Are there good career opportunities for expats in the finance field in China especially for those who only English?

What is the market like for* junior level* Investment Analyst (IA) jobs.

I am at Level 3 of the CFA Program. However, I have little to no direct IA experience however I worked for over 5 years as a researcher in a securities regulator.

Thanks


----------



## redex (Jun 12, 2012)

I am in a similar position. I work as an accountant in the UK (mid level sort of position) and wish to get a finance job in China. However I only speak English and from speaking to recruiters and one person on this forum it seems it will be very difficult to get this sort of job only speaking English.

My plan is to move out to China for three months try to pick up as much language as I can. then start applying to jobs in China or Hong Kong

From what I have read so far it seems to be mostly the top level (eg Finance Directors, Investment Bankers) who easily get job in China

Sorry this isnt very positive, I would like to hear other peoples comments.


----------



## Zhongshan Billy (May 18, 2014)

Maybe you should head for Hong Kong.

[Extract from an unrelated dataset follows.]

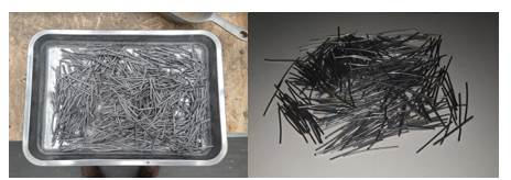 Las fibras que se emplearon como añadidura para la mezcla de concreto se seleccionaron en base al tipo de material del cual están fabricadas, para generar un punto de comparación entre sus propiedades físicas y mecánicas, y el desempeño a flexión. La elección de estos materiales se vio limitada por la baja oferta de este tipo de materiales en las ferreterías locales, incluso en medios digitales. Se limitó este estudio a fibras sintéticas y fibras de acero, como se muestra en la figura 2, para comparar la distribución de ellas en relación a las pruebas mencionadas. La fibra de acero que se empleó se obtiene de los cortes realizados al alambre galvanizado, procurando que las fibras obtenidas sean alargadas y cilíndricas como sus contrapartes comerciales; el diámetro propuesto es 1 mm y su longitud es de 4 cm, esto debido a que no había existencia de estas en el mercado local. La cantidad que se empleó fue basada en fichas técnicas de las fibras de acero utilizadas comercialmente, con una densidad de 20 . Dado al tamaño que presentan las fibras, tienen una fácil manejabilidad, trabajabilidad y aplicación a la mezcla de concreto, la cual no requiere de actividades previas o posteriores a su empleamiento, además, que la dosificación es fácil de aplicar sin afectar a los demás materiales de la mezcla.
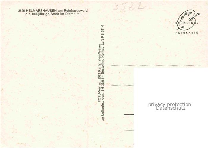 34144791 Helmarshausen Bad Karlshafen Hessen Panorama 1000jaehrige Stadt im Diemeltal am Reinhardswald postalisch nicht gelaufen Fliegeraufnahme Erhaltung siehe scans [FriedD77] KatCode: 11110006633002

You can stay for 6 months without a visa for UK citizens.

Learning chinese in China and then going to Hong Kong is also not a good idea as in Hong Kong the major language is Cantonese and it is different from Mandarin.

If you really want to do this work in China then there are few opportunities but Shanghai may be a better bet rather than Guangzhou.

Zhongshan Billy


----------



## Eric in china (Jul 8, 2014)

Zhongshan Billy said:


> Maybe you should head for Hong Kong. You can stay for 6 months without a visa for UK citizens.
> 
> Learning chinese in China and then going to Hong Kong is also not a good idea as in Hong Kong the major language is Cantonese and it is different from Mandarin.
> 
> ...


Plus one on Shanghai or Beijing for that matter, Shanghai is the financial center, and around the Bund area you will meet a lot of people working in your chosen profession. Guangzhou is more of a world trading hub.


----------